I can't get a job in my field, but I can whip a set of shelves together in no time.

And they're level too.*


*(see previous post re: garage. The shelves are level because I can find the bloody levels. All six of them.)

vendredi, août 03, 2007

Summer: an gastronomic tour


Dolmades.


These are not fish.


Nanaimo.


Crave.



Marakesh tea.


Prague picnic.

moving forward, re-arranging

One of the conditions of my gainful unemployment this summer is that I 'lend a hand around the house.'

Before I arrived, mum sent me a list of projects she would like completed in and around the family farm. Most of it involved de-cluttering, and organizing. We are a family of packrats, chronic hoarders, and we are aided and abetted by the house itself which is extremely large with lots of little places to stash stuff that you don't need now but might need one day in the next 25 years. By which time you'll have forgotten where you put those welding canisters (if not forgotten that you had them in the first place) and you'll probably end up replacing them.

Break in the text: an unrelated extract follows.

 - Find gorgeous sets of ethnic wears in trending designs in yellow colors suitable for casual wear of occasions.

Over the past week I've been mired in the garage. A passing glance reveals that it contains two cars, 4 bicycles, two motorcycles, and a random engine on blocks in the corner. And about two tonnes of stuff I can't identify.

It is strange, this situation with my dad. Now, over a year after his death, I do not expect to hear the sound of his keys dropping into the drawer in the back hall, or hear his voice starting answering machine messages with 'hello family...' He is absent, he is away.

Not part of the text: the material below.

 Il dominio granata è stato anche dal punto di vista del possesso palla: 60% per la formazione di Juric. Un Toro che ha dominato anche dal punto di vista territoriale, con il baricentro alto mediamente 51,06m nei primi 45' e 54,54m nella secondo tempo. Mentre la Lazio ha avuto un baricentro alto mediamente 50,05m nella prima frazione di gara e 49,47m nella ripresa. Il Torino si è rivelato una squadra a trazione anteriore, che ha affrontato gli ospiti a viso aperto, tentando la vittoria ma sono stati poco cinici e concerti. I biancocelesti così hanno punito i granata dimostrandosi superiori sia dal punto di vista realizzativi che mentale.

But, then again, he isn't. Pockets of the house and yard are so physically imprinted with my father, that they leave me short of breath. The garage is one such place. I'm pretty sure that a visual representation of my father's brain would look like the inside of our garage: the corners of military orderliness, the cupboards overflowing with screwdrivers and ratchet sets, the bits and pieces of projects, a battered but eminently useful radio.

It's tidier now. We can see the back corner by the vacuum tank, and I know exactly how many wire spoke MGB wheels we have.* The screwdrivers are all in a labeled jar, and most of the broken, unidentifiable, unusable in the foreseeable future stuff has been given a new home at the dump.

I guess now the garage has my brain's stamp - which could cause all sorts of problems - but, for the moment, my shoulders don't clench when I walk through, I can find a hammer if I need one, and I've got a new (ish) radio.

*Four on the car plus six extra. Thank you for asking.